Under the strategy, the prosecutor general will be named to post by the head of state, at the proposal of the Supreme Council of Magistrates. The candidate will be selected at an open contest designed for prosecutors and other persons who meet the criteria. The prosecutor general will be named for a seven-year period and will not be reelected. Now the prosecutor general is elected by Parliament, at the suggestion of the Speaker, without a contest. The procedure for dismissing the prosecutor will be similar to the appointment procedure.
The prosecution service and the Supreme Council of Magistrates will have separate budgets. The budget of the prosecution service will depend on performance, i.e. money will be allocated from the centralized budget depending on the work volume of every prosecutor’s office, the number of prosecutors and the complexity of the investigated cases.

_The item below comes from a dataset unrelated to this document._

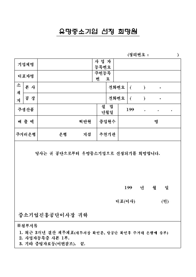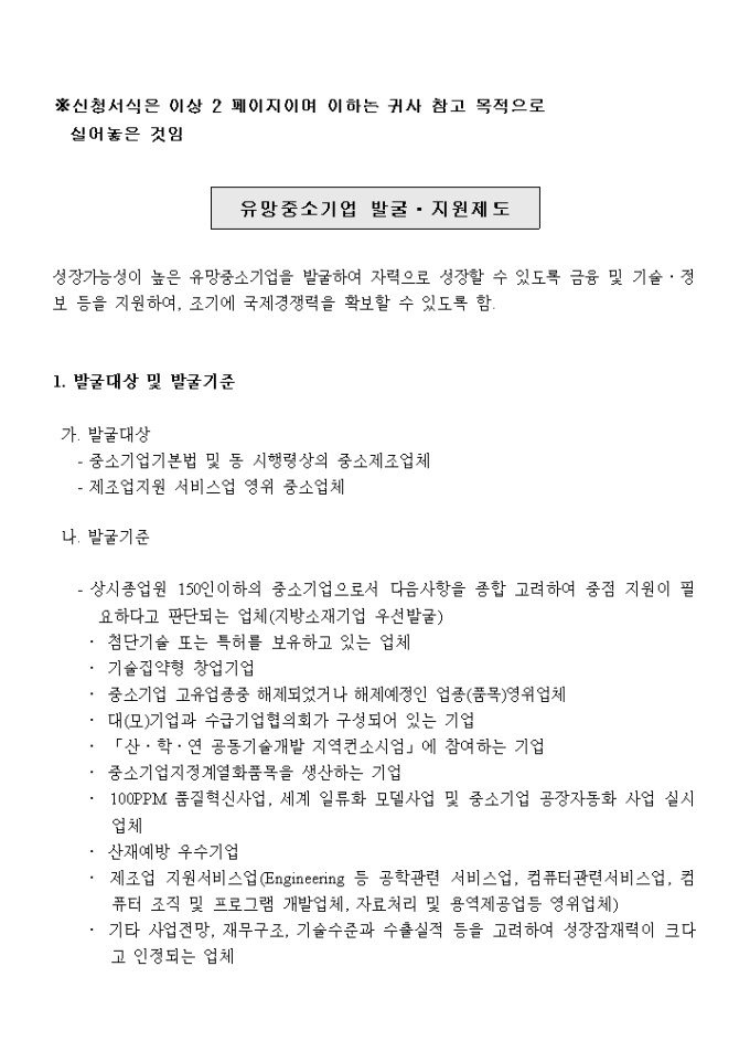 9,000원/월공단으로부터 유망중소기업으로 선정되기를 희망할 때 사용하는 양식입니다. 유망중소기업 발굴·지원제도에 대한 설명도 포함되어 있습니다.

The Anticorruption Prosecutor’s Office and the Prosecutor’s Office for Combating Organized Crime will be kept, while the Military Prosecutor’s Office and the Transport Prosecutor’s Office will be liquidated owing to their reduced workload. Their duties will be taken over by the sector prosecutor’s offices.
There will be instituted the post of secretary of the Prosecutor General’s Office who will deal with management and logistic problems and will have the status of public servant.
The reform of the prosecution service forms part of the justice sector reform.